■ **ENTRIES SUPPLIED**
*** Block opens ***
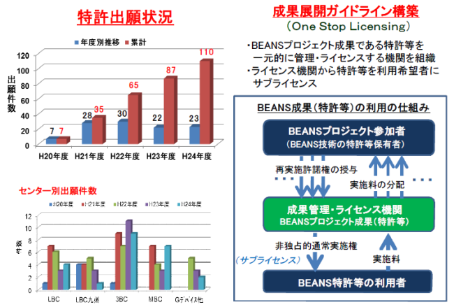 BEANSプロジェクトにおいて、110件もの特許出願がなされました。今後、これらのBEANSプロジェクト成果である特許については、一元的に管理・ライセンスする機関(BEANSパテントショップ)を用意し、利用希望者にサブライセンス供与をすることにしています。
*** Block closes ***
*** Block opens ***
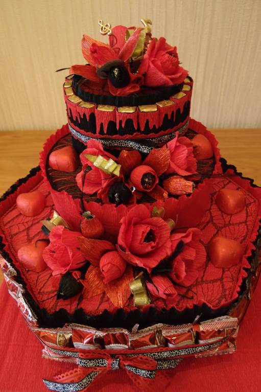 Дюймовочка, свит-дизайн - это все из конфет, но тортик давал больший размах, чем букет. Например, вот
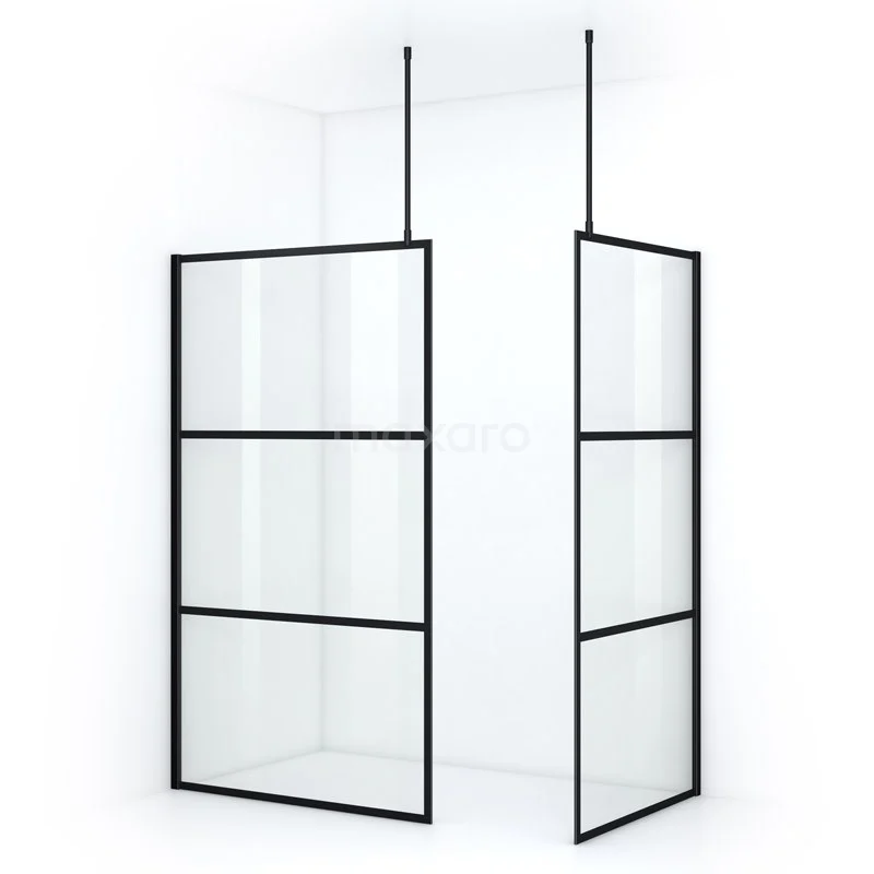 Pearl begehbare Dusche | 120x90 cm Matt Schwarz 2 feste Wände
*** Block closes ***
■ **ABOUT THIS TASK**
Only the lines between the one with "Дюймовочка, свит-дизайн - это" and the one with "Pearl begehbare Dusche", those two included, get copied from the material above. Keep it exact and free of pictures.

■ **TASK RESULT**
 Дюймовочка, свит-дизайн - это все из конфет, но тортик давал больший размах, чем букет. Например, вот
 Pearl begehbare Dusche | 120x90 cm Matt Schwarz 2 feste Wände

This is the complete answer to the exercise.